> **EXERCISE PROMPT**: Every line of the listing below from the one with "Anyway, Ederle and" up to and including the one with "- 进入任务管理器在CPU页面查看是否开启了虚拟化" should be retyped exactly, and nothing else; pictures are not part of the copy.

======== DATA PROVIDED ========

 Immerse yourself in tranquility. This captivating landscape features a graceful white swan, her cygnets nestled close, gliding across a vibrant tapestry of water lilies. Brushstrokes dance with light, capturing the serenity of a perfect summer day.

========
======== DATA PROVIDED ========

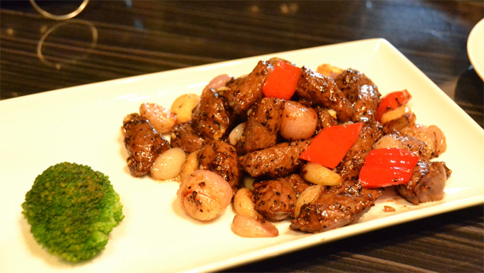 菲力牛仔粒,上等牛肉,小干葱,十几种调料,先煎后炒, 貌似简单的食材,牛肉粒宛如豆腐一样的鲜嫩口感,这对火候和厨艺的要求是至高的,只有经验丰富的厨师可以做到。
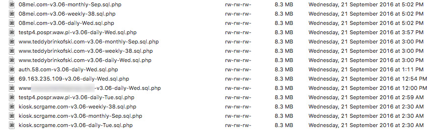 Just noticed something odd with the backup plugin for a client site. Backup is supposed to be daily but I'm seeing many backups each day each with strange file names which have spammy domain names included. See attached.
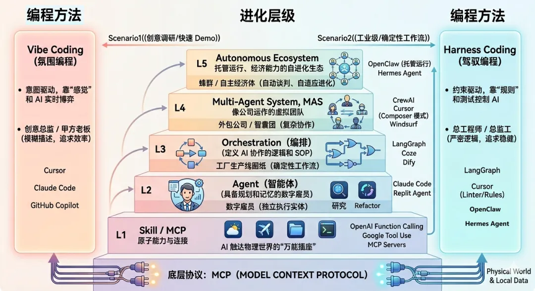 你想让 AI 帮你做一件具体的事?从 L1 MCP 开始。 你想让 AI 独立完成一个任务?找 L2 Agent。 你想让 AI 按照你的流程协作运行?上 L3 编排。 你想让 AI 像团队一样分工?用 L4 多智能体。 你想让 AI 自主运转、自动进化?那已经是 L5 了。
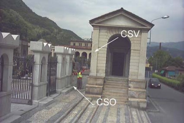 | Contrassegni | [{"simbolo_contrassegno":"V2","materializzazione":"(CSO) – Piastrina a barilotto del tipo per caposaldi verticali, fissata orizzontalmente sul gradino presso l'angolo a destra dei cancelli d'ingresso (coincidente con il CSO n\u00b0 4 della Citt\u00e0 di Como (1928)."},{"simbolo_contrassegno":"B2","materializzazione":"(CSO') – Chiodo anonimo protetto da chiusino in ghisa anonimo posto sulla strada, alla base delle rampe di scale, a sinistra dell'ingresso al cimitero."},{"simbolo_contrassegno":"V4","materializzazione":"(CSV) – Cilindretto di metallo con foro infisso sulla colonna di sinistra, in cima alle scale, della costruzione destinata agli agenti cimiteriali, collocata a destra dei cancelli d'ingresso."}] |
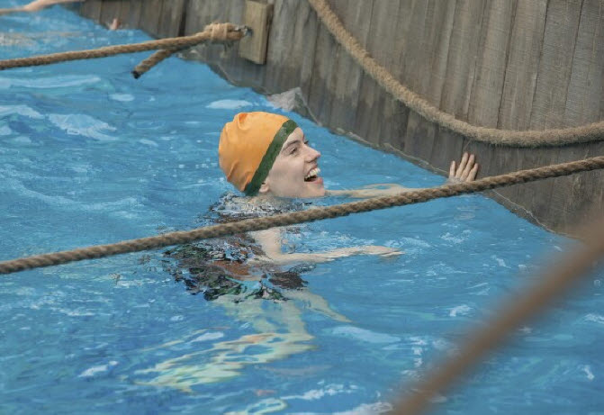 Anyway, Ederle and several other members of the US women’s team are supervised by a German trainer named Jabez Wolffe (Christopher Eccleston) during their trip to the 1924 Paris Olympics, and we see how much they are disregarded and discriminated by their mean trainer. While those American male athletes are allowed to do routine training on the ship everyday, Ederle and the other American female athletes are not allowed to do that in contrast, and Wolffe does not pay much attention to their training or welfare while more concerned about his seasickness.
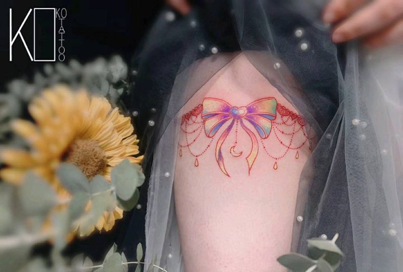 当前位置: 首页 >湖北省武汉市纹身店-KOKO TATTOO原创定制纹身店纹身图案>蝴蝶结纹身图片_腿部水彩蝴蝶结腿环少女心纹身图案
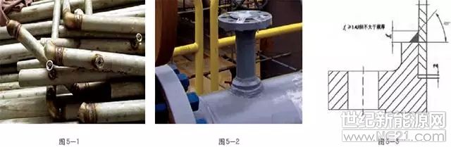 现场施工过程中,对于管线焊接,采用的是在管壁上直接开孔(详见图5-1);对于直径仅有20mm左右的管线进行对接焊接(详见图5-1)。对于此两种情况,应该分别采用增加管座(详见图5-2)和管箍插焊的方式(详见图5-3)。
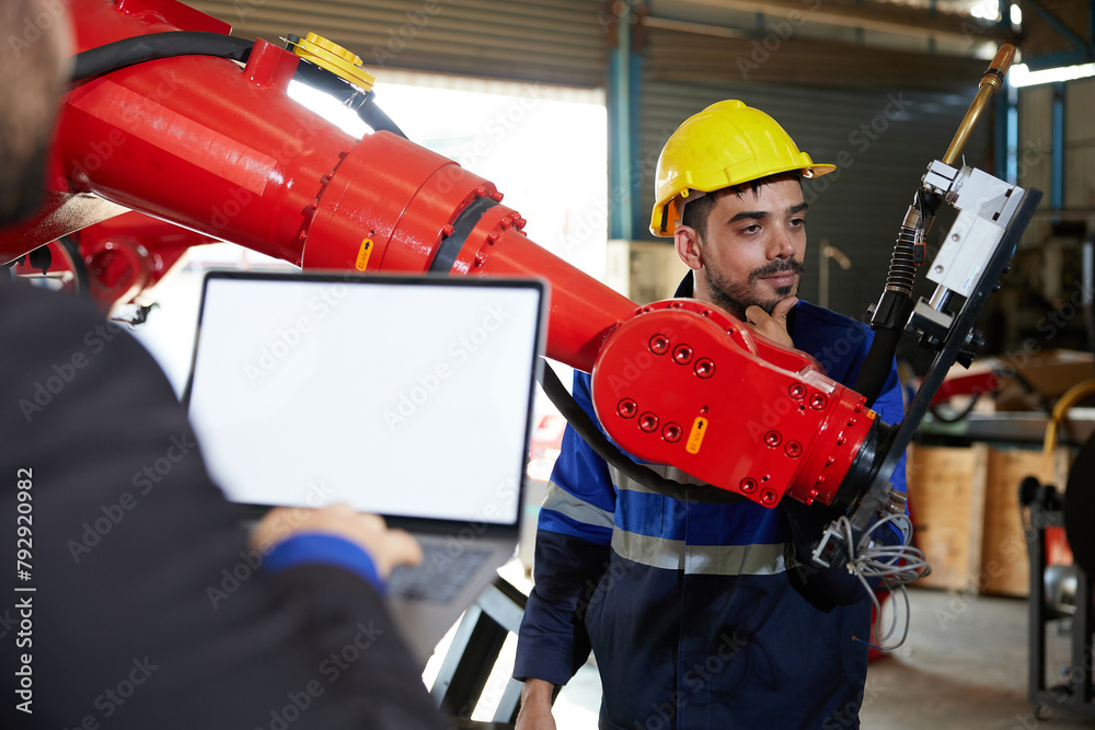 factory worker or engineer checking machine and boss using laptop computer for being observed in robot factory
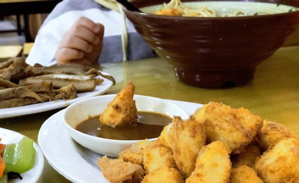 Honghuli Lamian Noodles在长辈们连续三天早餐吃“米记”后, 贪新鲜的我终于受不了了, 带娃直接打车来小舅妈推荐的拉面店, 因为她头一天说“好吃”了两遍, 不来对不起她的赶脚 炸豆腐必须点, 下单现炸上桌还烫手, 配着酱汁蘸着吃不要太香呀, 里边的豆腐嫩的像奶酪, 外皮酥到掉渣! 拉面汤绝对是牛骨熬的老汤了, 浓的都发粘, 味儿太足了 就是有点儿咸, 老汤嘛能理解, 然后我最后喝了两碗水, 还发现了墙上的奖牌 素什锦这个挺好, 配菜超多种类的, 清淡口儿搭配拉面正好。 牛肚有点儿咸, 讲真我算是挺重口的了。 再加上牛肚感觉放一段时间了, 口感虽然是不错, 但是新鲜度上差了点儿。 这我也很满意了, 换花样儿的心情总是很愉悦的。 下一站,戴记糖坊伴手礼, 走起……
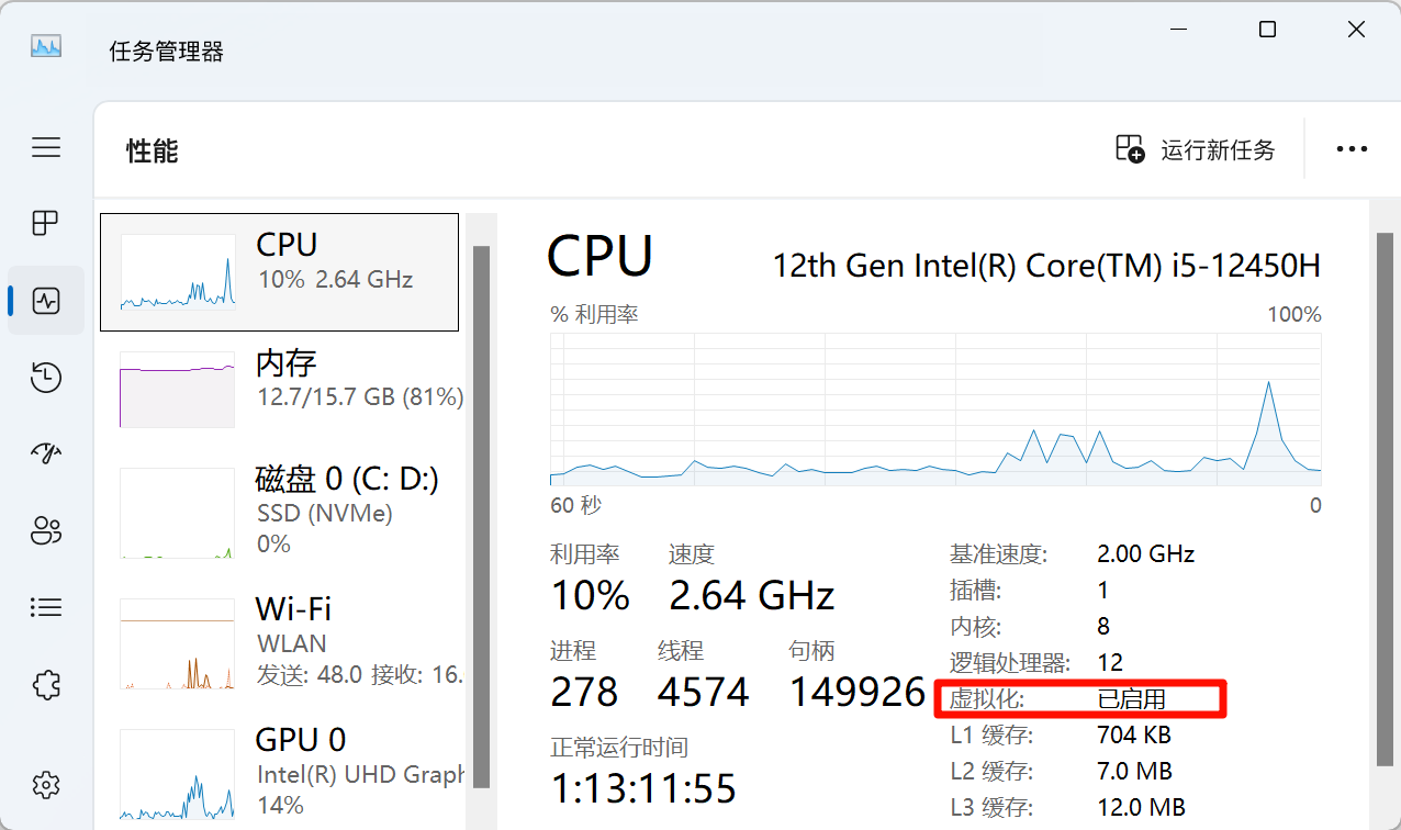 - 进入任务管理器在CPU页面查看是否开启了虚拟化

========

> **WRITTEN SOLUTION**:
 Anyway, Ederle and several other members of the US women’s team are supervised by a German trainer named Jabez Wolffe (Christopher Eccleston) during their trip to the 1924 Paris Olympics, and we see how much they are disregarded and discriminated by their mean trainer. While those American male athletes are allowed to do routine training on the ship everyday, Ederle and the other American female athletes are not allowed to do that in contrast, and Wolffe does not pay much attention to their training or welfare while more concerned about his seasickness.
 当前位置: 首页 >湖北省武汉市纹身店-KOKO TATTOO原创定制纹身店纹身图案>蝴蝶结纹身图片_腿部水彩蝴蝶结腿环少女心纹身图案
 现场施工过程中,对于管线焊接,采用的是在管壁上直接开孔(详见图5-1);对于直径仅有20mm左右的管线进行对接焊接(详见图5-1)。对于此两种情况,应该分别采用增加管座(详见图5-2)和管箍插焊的方式(详见图5-3)。
 factory worker or engineer checking machine and boss using laptop computer for being observed in robot factory
 Honghuli Lamian Noodles在长辈们连续三天早餐吃“米记”后, 贪新鲜的我终于受不了了, 带娃直接打车来小舅妈推荐的拉面店, 因为她头一天说“好吃”了两遍, 不来对不起她的赶脚 炸豆腐必须点, 下单现炸上桌还烫手, 配着酱汁蘸着吃不要太香呀, 里边的豆腐嫩的像奶酪, 外皮酥到掉渣! 拉面汤绝对是牛骨熬的老汤了, 浓的都发粘, 味儿太足了 就是有点儿咸, 老汤嘛能理解, 然后我最后喝了两碗水, 还发现了墙上的奖牌 素什锦这个挺好, 配菜超多种类的, 清淡口儿搭配拉面正好。 牛肚有点儿咸, 讲真我算是挺重口的了。 再加上牛肚感觉放一段时间了, 口感虽然是不错, 但是新鲜度上差了点儿。 这我也很满意了, 换花样儿的心情总是很愉悦的。 下一站,戴记糖坊伴手礼, 走起……
 - 进入任务管理器在CPU页面查看是否开启了虚拟化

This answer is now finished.